I don’t agree with some of Greenwald’s minor points made along the way:

  • MoveOn.org and Rachel Maddow are either not progressives or the word “progressive” has become just another way to say “blind Democrat party supporter”. I’ve never found Maddow’s show to be that compelling (I’ve mentioned some of my disagreement with her perspective on this blog). MoveOn.org never fails to rally behind Democrats at election time, much like the Nation magazine with their periodic anti-Nader editorials published around election time. I’ll be surprised if Maddow doesn’t fall into line supporting the Democrats closer to election time.
  • I don’t think the debate over who is worse is as separate a debate as Greenwald says: I don’t think either party is worse overall; I think both Democrat and Republican parties are roughly equally horrible and I believe they support mostly the same big-ticket issues: endless war/world dominance or empire, reduction in civil liberties, running up the cost of government, ecological disaster. Any issue where large sums of money or power are at stake generally find bi-partisan support in the US Congress. Unconditional Party support is never justified as it’s a sure road to being ignored.

While it’s perfectly rational for any candidate to ignore anyone who asks nothing for their support (“support” meaning: vote, campaign contribution, or staffing time on their campaign) the Left has long behaved as if they’re ignorant of the message they send when they behave in this way. I don’t see how the Left or Progressives can expect to maintain their number of supporters when they boast blind Democratic Party support.

I no longer think highly of the Left or Progressives because too many of the Progressives I come across (in person, reading their work, or having worked with them on political stuff in the past) blindly support Democrats and believe in voting Democrat because “[Republicans] are worse” and, just as Greenwald said, are horribly offended when their elected leader doesn’t heed their views.
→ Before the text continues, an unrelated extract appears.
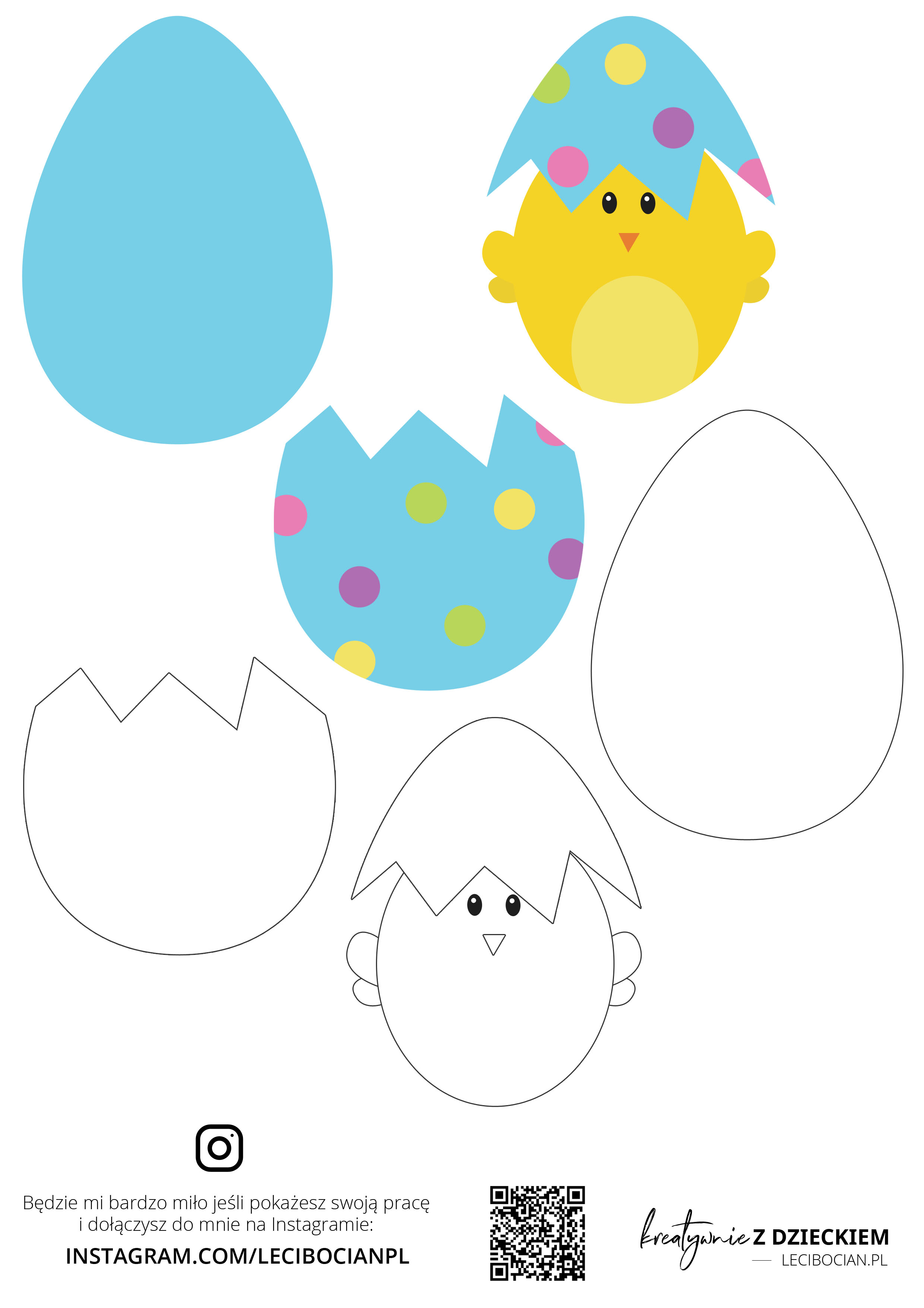Wytnij elementy kurczaczka z szablonu. Sklej ze sobą za pomocą kleju i gotowe! Miłej zabawy! ♥

For me, Progressives who do this merely support corporatism, the single thing that undergirds all the horrible stuff the US is involved in.

As a result I have stopped caring about who becomes US President or which of the two US corporate-run major parties leads Congress. I know the same policies will be furthered no matter who wins. Greenwald’s articles point out how one party is no better than the other; you can skim Greenwald’s blog posts and find posts on major issues where Obama’s Democrats kept G.W. Bush’s policies intact or made them worse.

Justice will not happen when killers run the state

DN!’s headlines today included

Amnesty: Prosecute Bush for Torture

And the human rights group Amnesty International is calling on the Obama administration to prosecute former president George W. Bush following his admission to authorizing the waterboarding torture technique. Writing in his new memoir Decision Points, Bush says he first granted the CIA permission to waterboard self-proclaimed 9/11 mastermind Khalid Sheikh Mohammed. In a statement, Amnesty International said, “Under international law, anyone involved in torture must be brought to justice, and that does not exclude [Bush]. If his admission is substantiated, the U.S. has the obligation to prosecute him.”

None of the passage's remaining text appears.